When I’ve asked an employer how they are paying for, or funding their healthcare benefits, I usually get 1 of 2 answers:  “We’re fully insured” or “we’re self-funded.”  Fully insured needs no explanation, however the there are various types of self-insured plans.

By definition, a true self-insured plan refers to the pure self-insurance of healthcare costs without any kind of reinsurance and stop loss protection for the Plan Sponsor.  It’s highly unusual for mid-to-large employers not to have some kind of protection, especially with the ACA requirement of Unlimited Benefit Maximums.  Partial Self-funding utilizes some form(s) of stop loss protection, hence partial self-funding.  For purposes of this article and simplicity, I will refer to Self-funding and Partial Self-funding synonymously.

Self-funding has gained immense popularity recently among all employers as a way to control healthcare costs.  Smaller employers who don’t want to comply with certain aspects of PPACA are also turning to self-funding as a means to gain control of their health plan and the related costs.  The ACA permits self-funded plans to be exempt from various provisions such as the premium tax, pooling requirements, medical loss ratios, and certain plan provisions and requirements.  I recently read an article which claimed that 64% of businesses are now self-funded.

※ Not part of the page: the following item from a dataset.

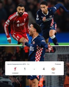 El Liverpool sufrió una de sus derrotas más contundentes de la temporada al caer 4-1 frente al PSV Eindhoven, en un partido donde el conjunto
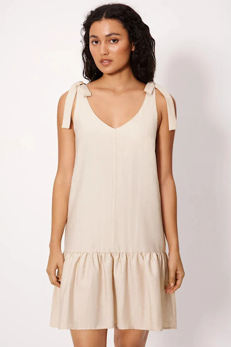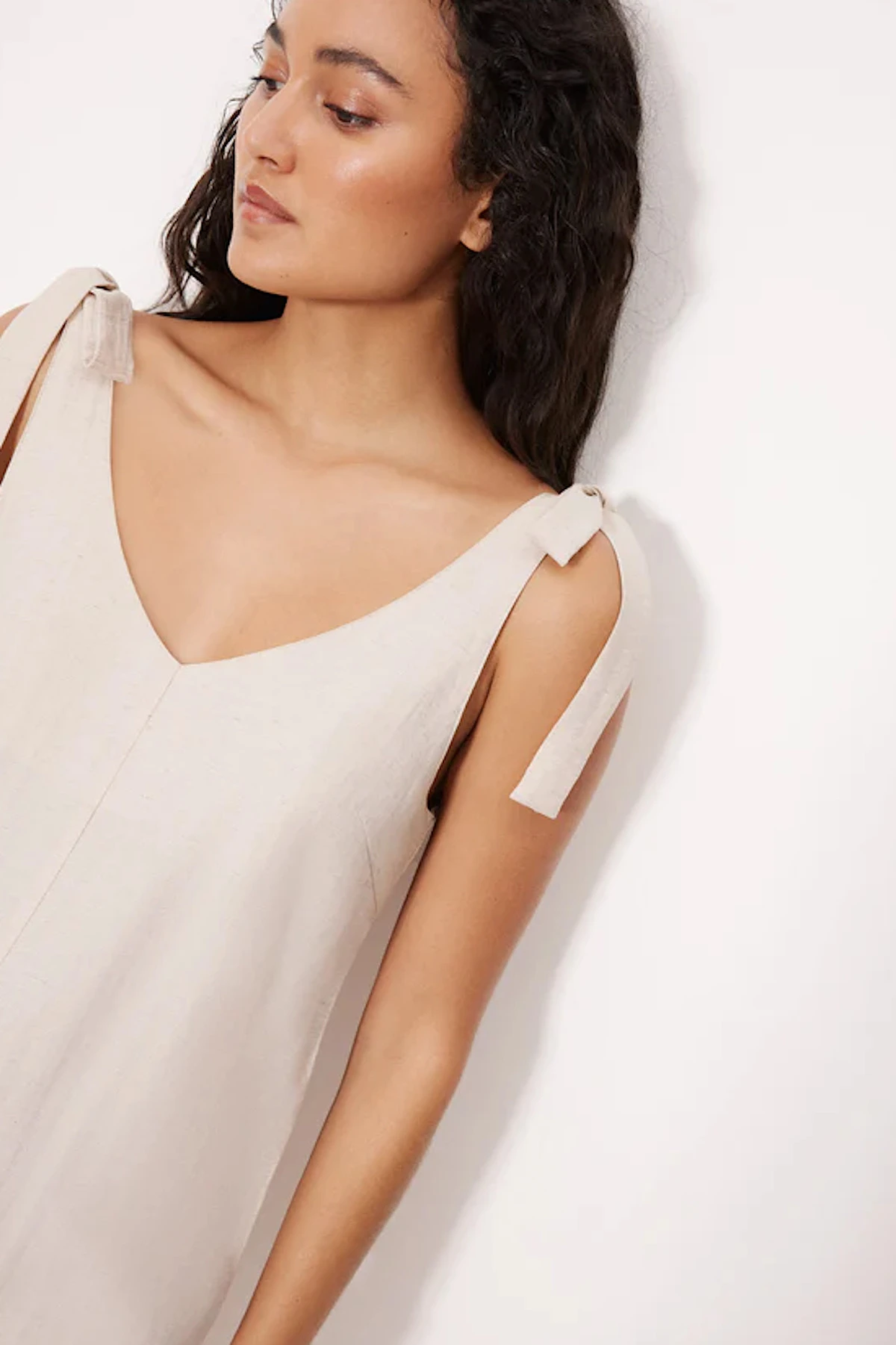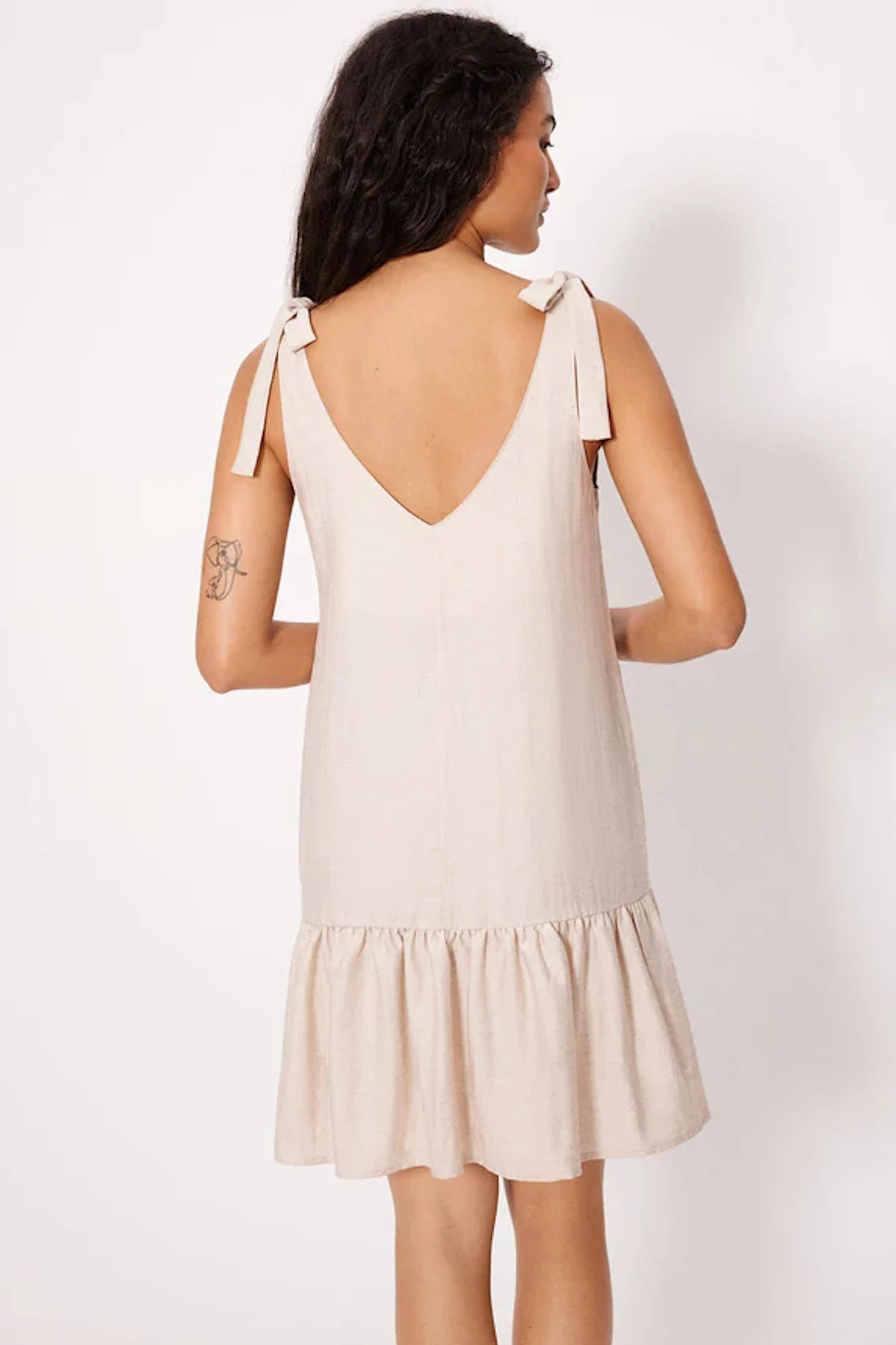Model Caleta to krótka sukienka plażowa z wiązanymi ramiączkami. Wykonana z mieszanki zawierającej 12% lnu, łączy w sobie przewiewność lnu z miękkością wiskozy. Wiązane ramiączka dają możliwość dopasowania sukienki do różnych wysokości i preferencji stylu. Model o luźnym fasonie.

There basically 2 types of self-funded opportunities:  what we in the business refer to as “bundled” and “un-bundled” plans.  Both can be effective, have their advantages and disadvantages, and can be attractive to businesses for a variety of reasons.

A bundled plan is typically an insurance company’s version of self-funding, whereas an un-bundled plan utilizes various free standing components used together for the entire assemblage and operation of the self-funded plan.

Bundled plans give the appearance and impression of an insurance company – first and foremost it’s the name recognition – but all components of the plan are proprietary and all fall under the umbrella and control of the insurance company.  These may include: administration, stop loss insurance, PPO network, Pharmacy Benefit Management, plan design templates, wellness programs, reporting and data analytics, Utilization Review/Utilization Management, risk management, etc. – all bundled plans put control and ownership directly under the insurance company’s control.  Examples would include self-funded programs by CIGNA, Anthem, Blue Cross, United Health Care, Aetna, etc.

Advantages are:  name recognition employees and providers, fiduciary responsibility, comprehensive networks with PPO discounts, cookie cutter plan design, etc.

Disadvantages are: lack of customization and flexibility, nimbleness, a cookie cutter plan design approach, no interchangeable parts e.g. stop loss and PBM, lack of willingness to download data for data analytics, risk management integration with outside vendors, data sharing, no carve out of providers or direct contracts, may require funding of reserves.

Bundled Program:

  • In-House Administration
  • Proprietary Network
  • Proprietary Pharmacy Card
  • Contracted Agreements
  • Insurer Keep Rebates
  • Excess Loss Coverage
  • Proprietary Reinsurer
  • In-House Wellness
  • Plan Design Restrictions
  • In-House Specialty Programs
  • Control Rests with Insurer
  • Cash Flow – Varies

In the next article, I will cover Un-Bundled Plans.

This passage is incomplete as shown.